Integrated Learning and the Value of VALUE Rubrics

Background

 

We are engaged in nothing less than an effort to change the focus of the national conversation from artificial, shorthand indicators of learning to something that reflects the shared work and understanding of faculty members and academic professionals across campuses”

 –Terrel L. Rhodes

The Association of American Colleges & Universities focuses its approach on student learning outcomes through its LEAP (Liberal Education America’s Promise) VALUE (Valid Assessment of Undergraduate Education) Rubrics, a set of general education rubrics developed by faculty groups across the country looking internally at common general education outcomes. The process for developing the rubrics emerged from “Principles of Excellence” developed by a leadership council of educators, which include:  “giving students a compass (focus each student’s plan of study on achieving the essential learning outcomes–and assess progress), teach the arts of inquiry and innovation, connect knowledge with choice and action, assess students’ ability to apply learning to complex problems” (AAC&U).  The internal yet cross-national look at refined student outcomes through the VALUE rubrics has the potential to measure student outcomes across campuses, across classrooms and longitudinally through multiple iterations.

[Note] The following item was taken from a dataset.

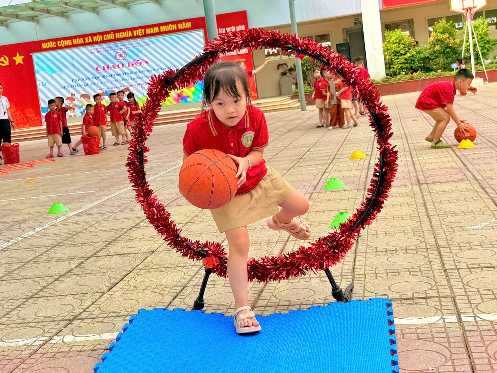 Hào hứng hoạt động tham quan Trường Tiểu học Hoàng Hoa Thám của học sinh khối mẫu giáo lớn Trường Mầm non Sao Mai
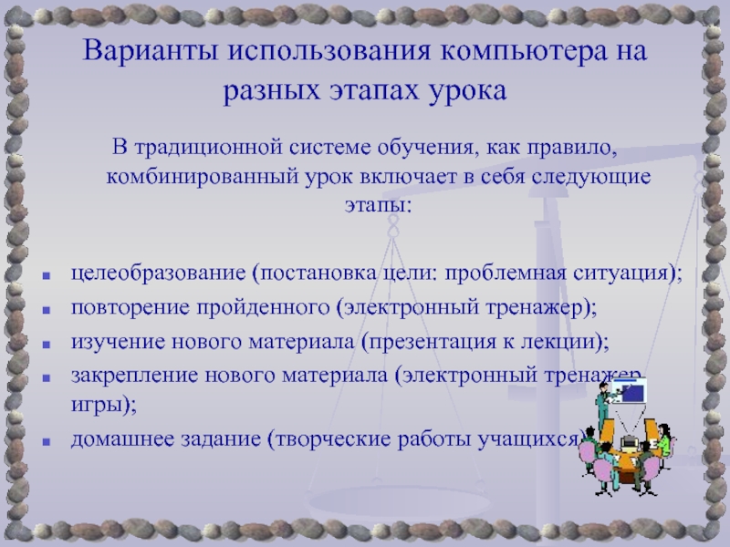 Слайд 11Варианты использования компьютера на разных этапах урока

As one of 12 community colleges named by the AAC & U and MetLife as Giving a Roadmap: Enrollment to Engagement in Educational Achievement and Success Campuses, Queensborough Community College was invited to apply to the Collaborative on Authentic Assessment of Learning (CAAL):pilot, and  was accepted to participate.”  CAAL is currently being developed to provide a virtual community where institutions can upload, share, and discuss their campus assessment results using the VALUE rubrics. This collaboration among e-portfolio vendors and campuses is intended to expand communication across campuses regarding common instruments, compelling findings, potential benchmarks for student success, and best practices of assessment using rubrics and e-portfolios. Queensborough was tasked to score the Integrative Learning Value Rubric on 100 student work samples. The scores and samples will be placed in a repository.Queensborough’s “Roadmap” activities, made possible by the Freshman Academy structure launched in 2009, will therefore be deepened and better supported, as the current student learning outcome work is currently being implemented as a teaching and learning tool as much as an assessment tool in small interdisciplinary faculty cohorts on campus approaching high impact strategies . The detailed attention to naming principles of excellence and general education outcome rubrics as in the LEAP VALUE project offer the opportunity for a culture of evidence that allows for a reflection process that focuses on student learning, as well as partnerships with business groups and state officials to ensure not only greater access but greater success in United States higher education and the workplace.Through the use of rubrics, students, notably historically underserved and first generation college students, are given a clear outline of expectations, assisting them in the achievement of the learning outcomes which will enable them to complete their educational goals.

Organizing a First Year Experience:

Queensborough Community College’s goal is to provide an academic environment that strengthens students’ commitment and makes it possible for them to graduate or complete their goals in a timely manner. In the fall of 2009, after 8 years of preparation Queensborough launched the Freshman Academies. All first-time, full-time students are enrolled in one of six Freshman Academies based upon his/her chosen field of study. The six Freshman Academies are Science, Technology, Engineering and Math; Liberal Arts; Visual and Performing Arts; Education; Health Related Sciences; and Business.  What is different about Queensborough’s Freshman Academies is that it is a scaled-up and institutionalized effort for activities which rarely move beyond the pilot stage and rarely reach the least prepared student, and concentrate all services into six academies for all first-time, full-time freshmen.    The Freshman Academies are mandatory for all 3241 first-time, full-time freshman who enrolled at this open access community college of the City University of New York during the fall 2009.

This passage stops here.